A vector of target response rate(s), for which the percentile dose estimate is needed. See Note.

full

logical, is a more complete output desired (relevant only for doseFind)? if FALSE (default), only a point estimate of the dose (x) for the provided target rate is returned.

dec

(relevant only for doseFind) logical, is the true function is assumed to be monotone decreasing? Default FALSE.

extrapolate

logical: should extrapolation beyond the range of estimated y values be allowed? Default FALSE.

errOnFlat

logical: in case the forward estimate is completely flat making dose-finding infeasible, should an error be returned? Under default (FALSE), NAs are returned for the target estimate.

adaptiveShrink

logical, should the y-values be pre-shrunk towards an experiment's target? Recommended if data were obtained via an adaptive dose-finding design. See DRshrink and the Note.

starget

The shrinkage target. Defaults to target[1].

tiemeth

The method to resolve ties.
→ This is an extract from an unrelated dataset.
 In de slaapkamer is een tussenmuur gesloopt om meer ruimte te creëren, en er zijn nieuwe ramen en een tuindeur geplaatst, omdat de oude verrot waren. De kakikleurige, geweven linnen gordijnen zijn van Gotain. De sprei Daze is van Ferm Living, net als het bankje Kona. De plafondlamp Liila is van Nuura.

Default "decide", meaning the function chooses based on context. See Details.

...

Other arguments passed on to doseResponse and estfun.

Author

Assaf P. Oron <assaf.oron.at.gmail.com>

Details

The function works by calling estfun for forward estimation of the x-y relationship, then using approx with the x and y roles reversed for inverse estimation. It is expected that most users will not interact with this function directly, but rather indirectly via the convenience wrapper quickInverse.

The extrapolate option sets the rule argument for this second call:

  • extrapolate=TRUE translates to rule=2, which actually means that the x value on the edge of the estimated y range will be assigned.
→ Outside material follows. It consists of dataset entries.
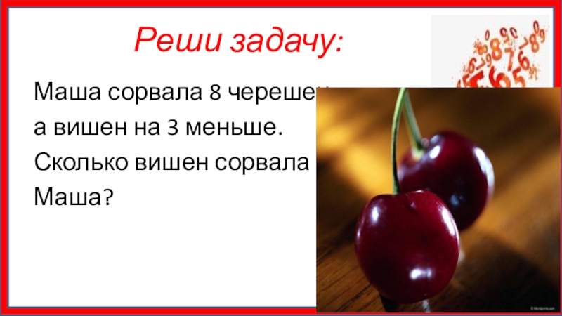 Реши задачу:Маша сорвала 8 черешен,а вишен на 3 меньше.Сколько вишен сорвалаМаша?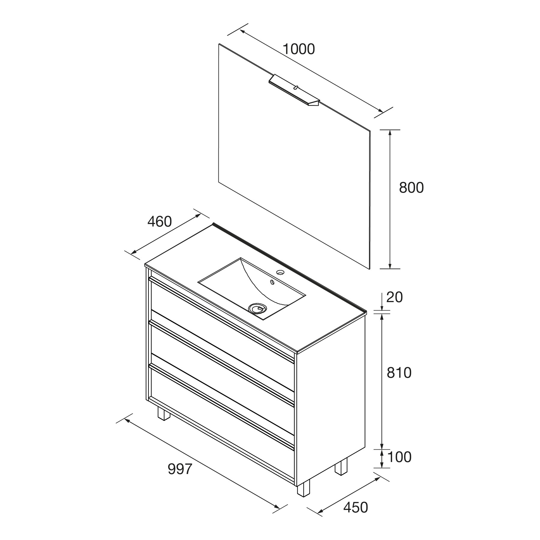 Incluye bajo 3 cajones, lavabo porcelana, espejo, aplique y un juego de 4 patas negras de 10 cm.
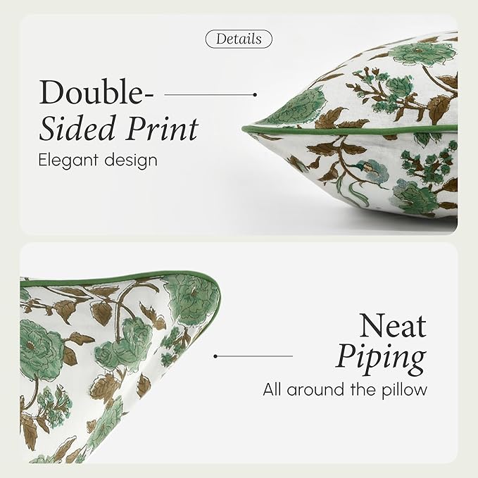 CPC 100% Cotton Throw Pillow Covers 24x24 Inch, Set of 2 Green Block Print Pattern Couch Pillow, Cute Boho Decorative Pillows for Living Room, Bedroom with Hidden Zipper- Moss Green

  • extrapolate=FALSE (default) translates to rule=1, which means an NA will be returned for any target y value lying outside the estimated y range.

Note also that the function is set up to work with a vector of targets.

If the data were obtained from an adaptive dose-finding design and you seek to estimate a dose other than the experiment's target, note that away from the target the estimates are likely biased (Flournoy and Oron, 2019). Use adaptiveShrink=TRUE to mitigate the bias. In addition, either provide the true target as starget, or a vector of values to target, with the first value being the true target.

Tie-breaking - the tiemeth argument passed on as the ties argument for approx() - provides yet another complication: as of 2.5.0, the default is "decide", which means "ordered" - unless target falls on the boundary of y estimates, in which case the most interior x value is chosen. A user-chosen value for tiemeth will override all of that; see ?approx for options.

References

Flournoy N and Oron AP, 2020. Bias Induced by Adaptive Dose-Finding Designs. Journal of Applied Statistics 47, 2431-2442.

See Also

oldPAVA,cirPAVA. If you'd like point and interval estimates together, use quickInverse.